| Work request |
Write out the lines below exactly, beginning at the one with "1. 「バックアップストレー" and stopping after the one with "核小体明瞭な大小不同な類円形"; the pictures are not copied.

| Dataset records |
+++++

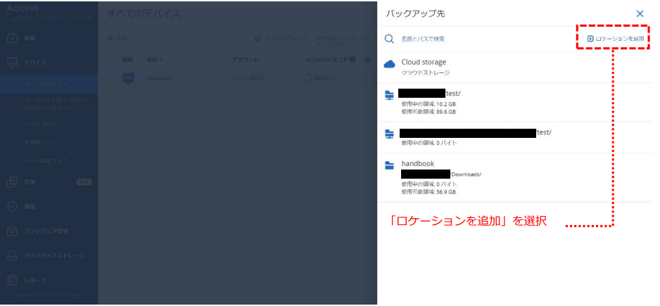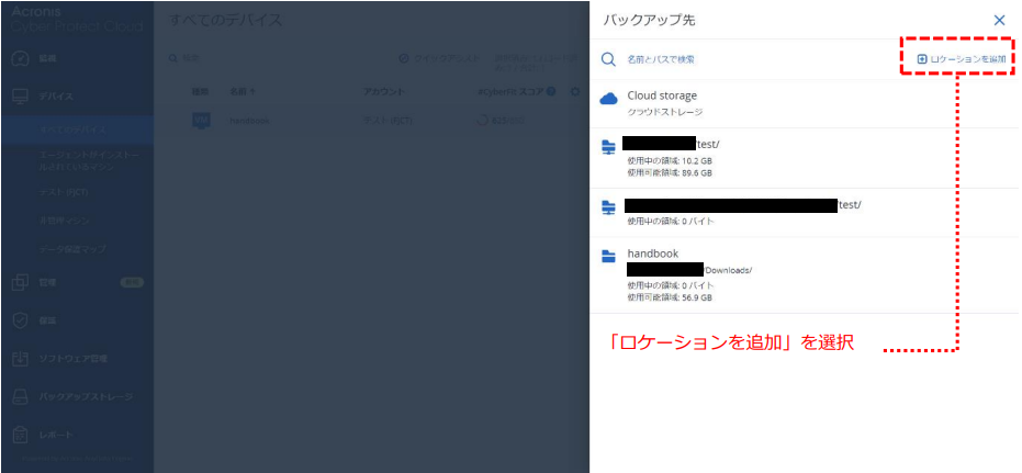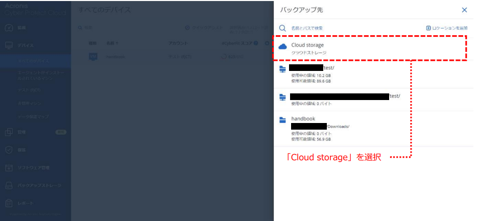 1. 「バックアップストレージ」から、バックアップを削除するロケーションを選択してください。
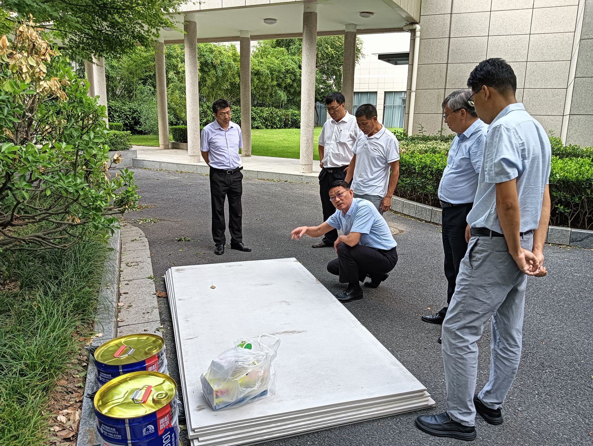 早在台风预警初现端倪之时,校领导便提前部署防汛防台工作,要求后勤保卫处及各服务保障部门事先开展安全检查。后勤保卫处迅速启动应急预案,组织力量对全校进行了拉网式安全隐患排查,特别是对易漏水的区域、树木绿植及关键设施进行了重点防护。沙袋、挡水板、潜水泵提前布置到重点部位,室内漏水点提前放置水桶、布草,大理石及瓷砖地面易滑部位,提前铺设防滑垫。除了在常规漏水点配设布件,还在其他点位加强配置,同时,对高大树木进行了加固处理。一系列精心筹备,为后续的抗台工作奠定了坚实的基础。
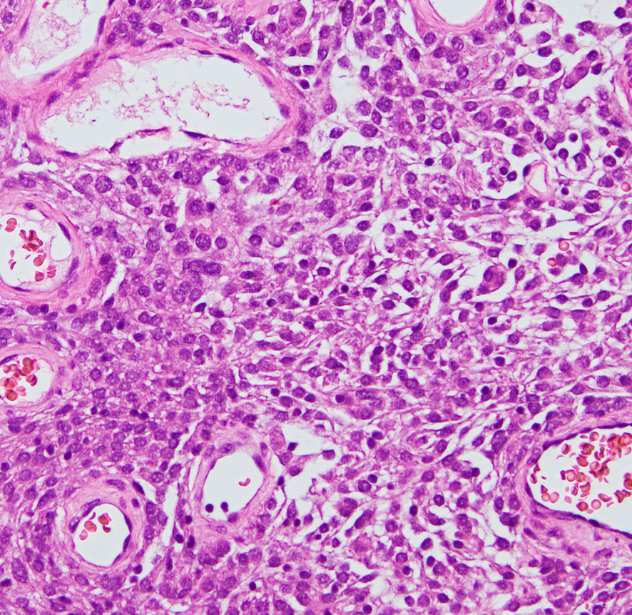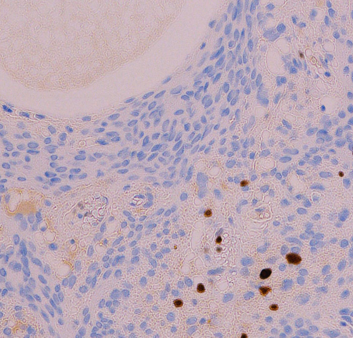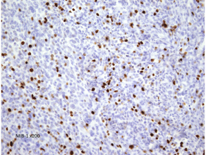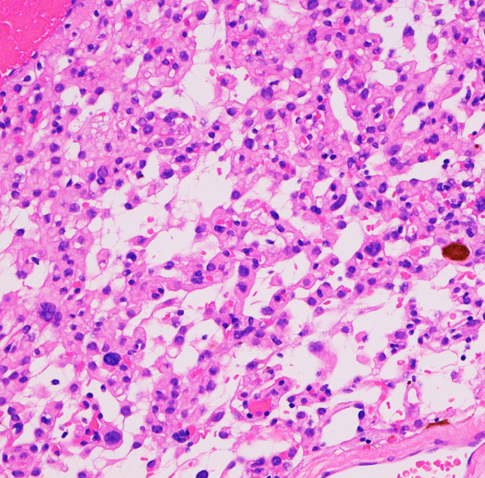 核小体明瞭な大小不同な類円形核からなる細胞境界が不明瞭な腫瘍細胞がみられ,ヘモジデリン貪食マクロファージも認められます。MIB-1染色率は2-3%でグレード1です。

+++++

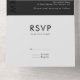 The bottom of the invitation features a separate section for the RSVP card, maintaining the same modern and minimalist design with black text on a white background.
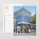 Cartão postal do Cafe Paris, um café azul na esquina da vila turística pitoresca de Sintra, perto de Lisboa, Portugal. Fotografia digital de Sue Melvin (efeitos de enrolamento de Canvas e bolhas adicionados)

+++++

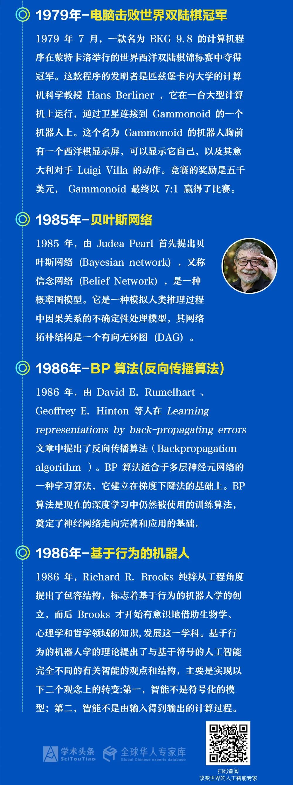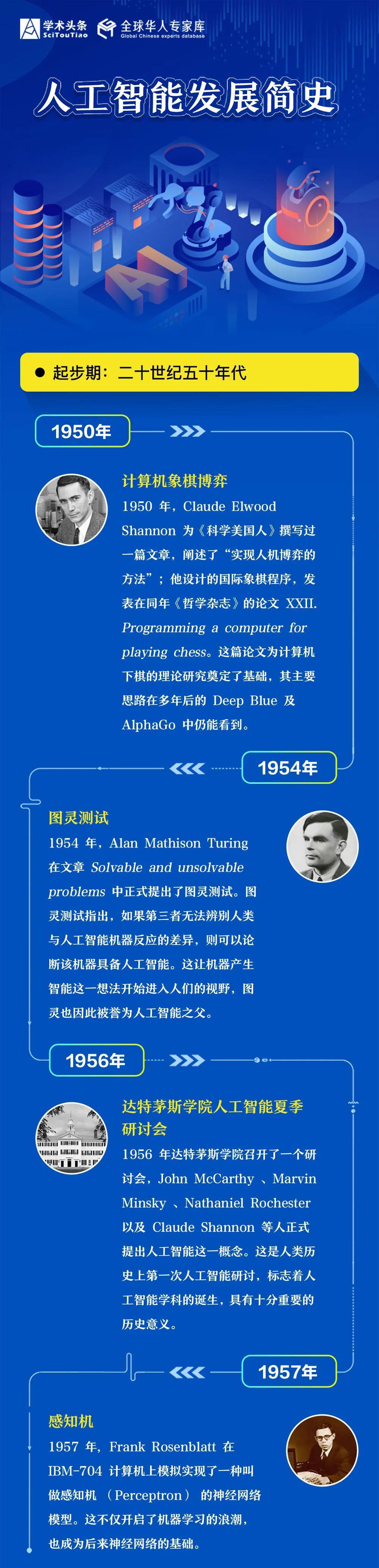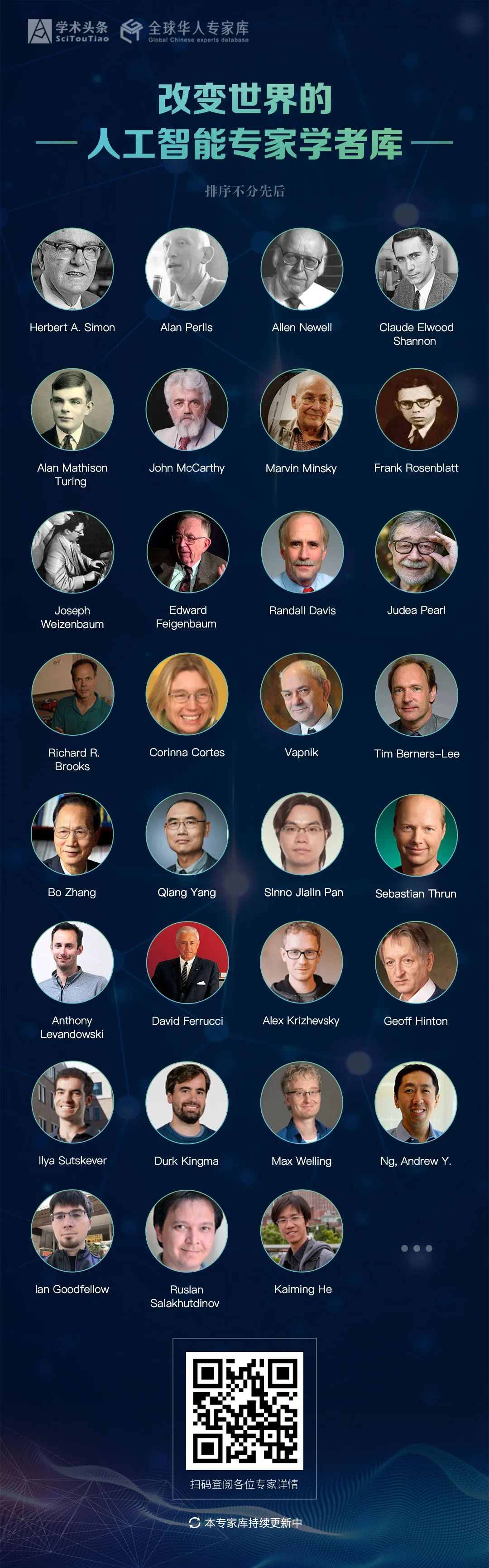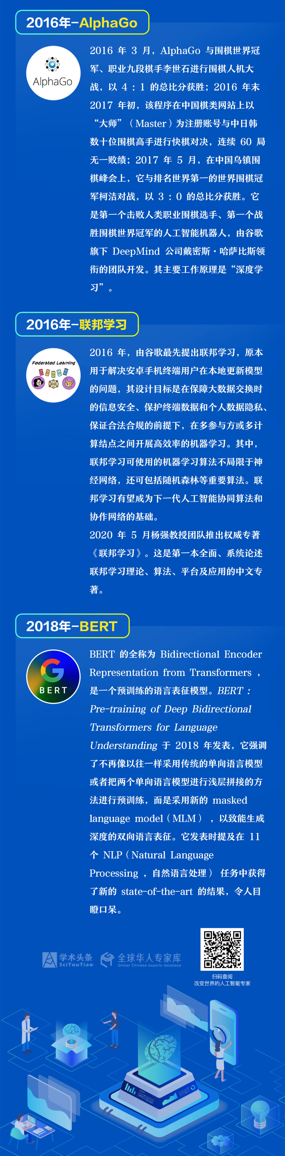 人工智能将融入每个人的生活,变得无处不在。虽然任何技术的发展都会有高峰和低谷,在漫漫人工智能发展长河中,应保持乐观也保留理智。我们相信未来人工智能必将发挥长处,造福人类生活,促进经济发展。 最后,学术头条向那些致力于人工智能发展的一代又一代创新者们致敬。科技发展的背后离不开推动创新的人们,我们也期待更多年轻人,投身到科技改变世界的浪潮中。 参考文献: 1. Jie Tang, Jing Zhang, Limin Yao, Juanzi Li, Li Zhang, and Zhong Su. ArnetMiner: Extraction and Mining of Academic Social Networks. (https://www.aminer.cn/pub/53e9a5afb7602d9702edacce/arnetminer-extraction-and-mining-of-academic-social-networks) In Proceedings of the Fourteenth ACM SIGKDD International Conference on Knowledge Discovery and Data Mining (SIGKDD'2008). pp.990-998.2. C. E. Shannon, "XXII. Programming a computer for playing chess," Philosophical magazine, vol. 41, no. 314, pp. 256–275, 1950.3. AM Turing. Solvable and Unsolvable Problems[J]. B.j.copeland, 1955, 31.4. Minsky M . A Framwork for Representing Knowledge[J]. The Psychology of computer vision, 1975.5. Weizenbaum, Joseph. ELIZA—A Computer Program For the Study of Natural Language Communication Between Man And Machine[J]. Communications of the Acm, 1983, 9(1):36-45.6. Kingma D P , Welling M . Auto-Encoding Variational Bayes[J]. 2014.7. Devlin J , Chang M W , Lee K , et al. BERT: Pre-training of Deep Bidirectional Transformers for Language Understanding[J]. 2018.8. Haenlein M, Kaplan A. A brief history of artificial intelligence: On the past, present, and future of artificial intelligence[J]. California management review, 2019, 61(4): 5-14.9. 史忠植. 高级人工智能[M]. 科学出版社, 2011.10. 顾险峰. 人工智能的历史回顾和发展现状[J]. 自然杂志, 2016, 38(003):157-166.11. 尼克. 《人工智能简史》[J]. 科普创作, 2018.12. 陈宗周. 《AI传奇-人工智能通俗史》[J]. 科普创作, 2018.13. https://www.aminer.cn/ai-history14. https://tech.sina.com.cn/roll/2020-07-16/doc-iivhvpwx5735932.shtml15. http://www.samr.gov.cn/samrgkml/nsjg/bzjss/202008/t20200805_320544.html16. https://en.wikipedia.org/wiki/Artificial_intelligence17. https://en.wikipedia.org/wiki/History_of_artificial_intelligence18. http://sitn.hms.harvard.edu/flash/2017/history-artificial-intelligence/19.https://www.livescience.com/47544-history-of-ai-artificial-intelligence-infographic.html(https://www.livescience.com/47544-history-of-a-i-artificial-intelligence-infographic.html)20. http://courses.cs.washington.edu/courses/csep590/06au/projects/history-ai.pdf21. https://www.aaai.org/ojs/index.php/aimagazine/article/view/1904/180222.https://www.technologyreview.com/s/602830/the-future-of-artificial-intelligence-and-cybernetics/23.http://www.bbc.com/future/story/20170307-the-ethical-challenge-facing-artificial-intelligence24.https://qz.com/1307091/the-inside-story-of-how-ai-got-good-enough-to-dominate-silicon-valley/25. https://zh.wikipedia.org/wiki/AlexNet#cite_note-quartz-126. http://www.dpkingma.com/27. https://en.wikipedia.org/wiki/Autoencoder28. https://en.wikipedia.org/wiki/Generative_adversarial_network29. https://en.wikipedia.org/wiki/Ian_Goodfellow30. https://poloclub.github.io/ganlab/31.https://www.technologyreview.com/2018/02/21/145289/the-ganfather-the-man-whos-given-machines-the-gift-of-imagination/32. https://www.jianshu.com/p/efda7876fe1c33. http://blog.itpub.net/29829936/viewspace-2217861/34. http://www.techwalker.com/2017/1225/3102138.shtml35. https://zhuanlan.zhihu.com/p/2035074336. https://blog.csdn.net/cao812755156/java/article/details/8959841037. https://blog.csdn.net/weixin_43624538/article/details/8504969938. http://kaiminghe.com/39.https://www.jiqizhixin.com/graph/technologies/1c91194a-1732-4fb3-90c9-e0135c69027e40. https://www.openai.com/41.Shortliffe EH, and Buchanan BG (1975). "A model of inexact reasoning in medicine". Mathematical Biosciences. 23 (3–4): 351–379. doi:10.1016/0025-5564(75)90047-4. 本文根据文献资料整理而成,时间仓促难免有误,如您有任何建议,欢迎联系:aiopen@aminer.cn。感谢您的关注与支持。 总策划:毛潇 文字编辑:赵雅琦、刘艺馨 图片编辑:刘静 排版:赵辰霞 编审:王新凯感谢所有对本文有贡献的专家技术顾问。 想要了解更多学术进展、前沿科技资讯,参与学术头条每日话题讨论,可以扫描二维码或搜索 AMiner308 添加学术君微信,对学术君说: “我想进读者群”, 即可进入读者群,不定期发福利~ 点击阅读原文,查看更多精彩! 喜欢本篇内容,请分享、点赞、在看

+++++

| Answer section |
 1. 「バックアップストレージ」から、バックアップを削除するロケーションを選択してください。
 早在台风预警初现端倪之时,校领导便提前部署防汛防台工作,要求后勤保卫处及各服务保障部门事先开展安全检查。后勤保卫处迅速启动应急预案,组织力量对全校进行了拉网式安全隐患排查,特别是对易漏水的区域、树木绿植及关键设施进行了重点防护。沙袋、挡水板、潜水泵提前布置到重点部位,室内漏水点提前放置水桶、布草,大理石及瓷砖地面易滑部位,提前铺设防滑垫。除了在常规漏水点配设布件,还在其他点位加强配置,同时,对高大树木进行了加固处理。一系列精心筹备,为后续的抗台工作奠定了坚实的基础。
 核小体明瞭な大小不同な類円形核からなる細胞境界が不明瞭な腫瘍細胞がみられ,ヘモジデリン貪食マクロファージも認められます。MIB-1染色率は2-3%でグレード1です。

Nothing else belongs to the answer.